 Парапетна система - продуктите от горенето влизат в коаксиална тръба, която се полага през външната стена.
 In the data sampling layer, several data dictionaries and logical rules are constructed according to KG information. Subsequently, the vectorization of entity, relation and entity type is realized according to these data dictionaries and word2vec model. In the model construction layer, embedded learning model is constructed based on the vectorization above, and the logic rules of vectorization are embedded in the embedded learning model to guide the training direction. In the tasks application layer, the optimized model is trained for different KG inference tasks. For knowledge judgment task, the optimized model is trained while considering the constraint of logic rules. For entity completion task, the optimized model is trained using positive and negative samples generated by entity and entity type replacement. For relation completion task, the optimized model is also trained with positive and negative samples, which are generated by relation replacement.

━━━

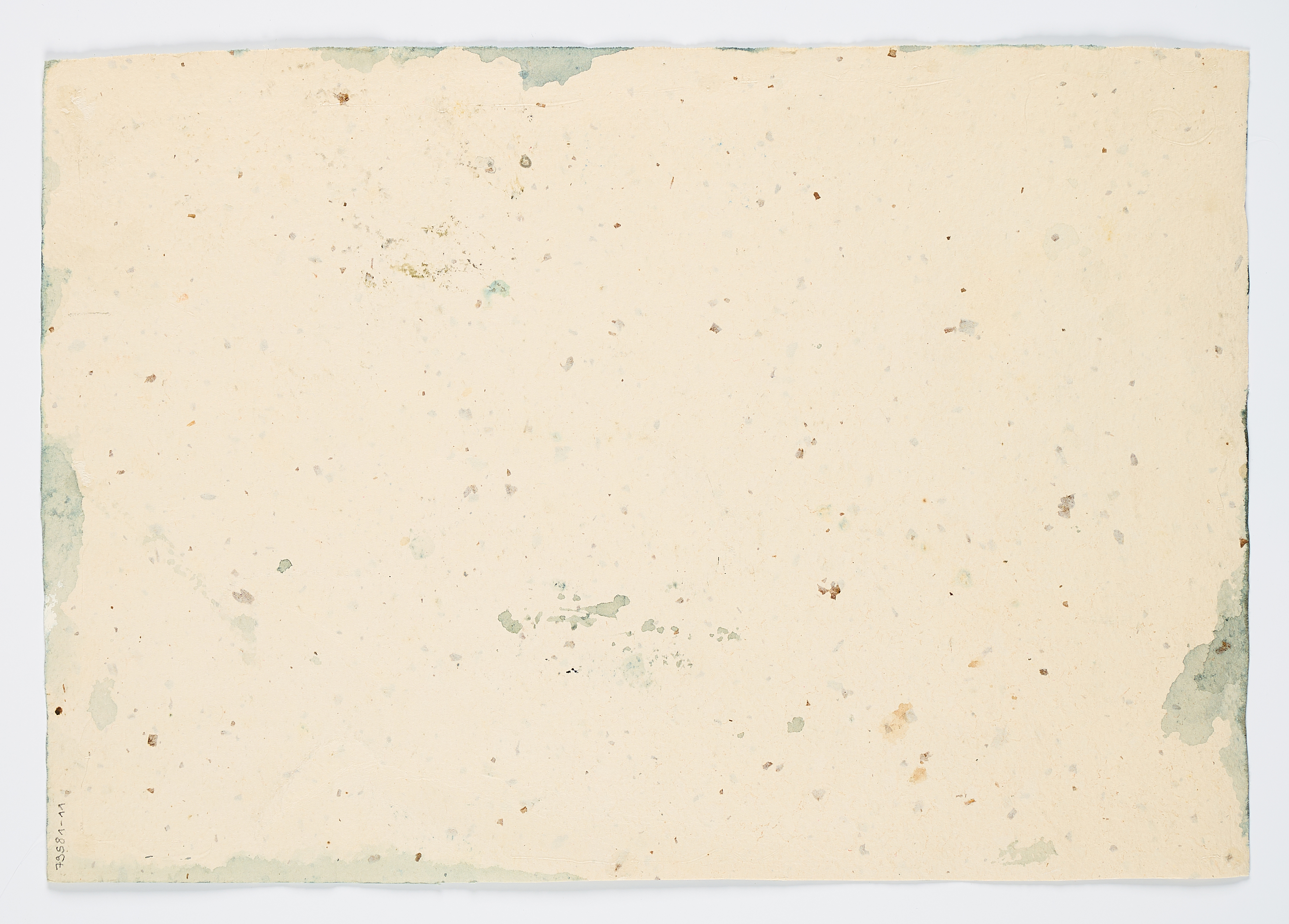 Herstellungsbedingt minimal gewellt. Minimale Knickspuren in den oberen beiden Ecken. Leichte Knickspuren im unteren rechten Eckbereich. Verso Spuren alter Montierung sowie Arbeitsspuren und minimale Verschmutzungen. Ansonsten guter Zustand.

━━━

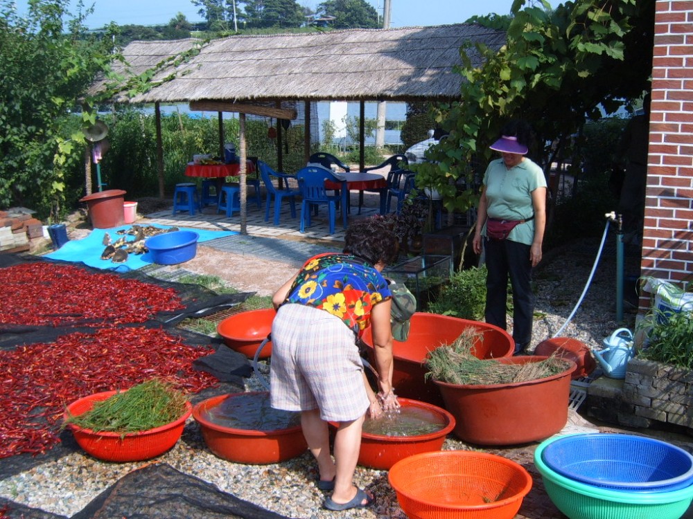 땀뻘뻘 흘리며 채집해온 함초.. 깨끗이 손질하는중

━━━

Here the job is to set down exactly the lines of the material above that fall between the one with "Парапетна система - продуктите" and the one with "In the data", inclusive, and nothing beyond them.

 Парапетна система - продуктите от горенето влизат в коаксиална тръба, която се полага през външната стена.
 In the data sampling layer, several data dictionaries and logical rules are constructed according to KG information. Subsequently, the vectorization of entity, relation and entity type is realized according to these data dictionaries and word2vec model. In the model construction layer, embedded learning model is constructed based on the vectorization above, and the logic rules of vectorization are embedded in the embedded learning model to guide the training direction. In the tasks application layer, the optimized model is trained for different KG inference tasks. For knowledge judgment task, the optimized model is trained while considering the constraint of logic rules. For entity completion task, the optimized model is trained using positive and negative samples generated by entity and entity type replacement. For relation completion task, the optimized model is also trained with positive and negative samples, which are generated by relation replacement.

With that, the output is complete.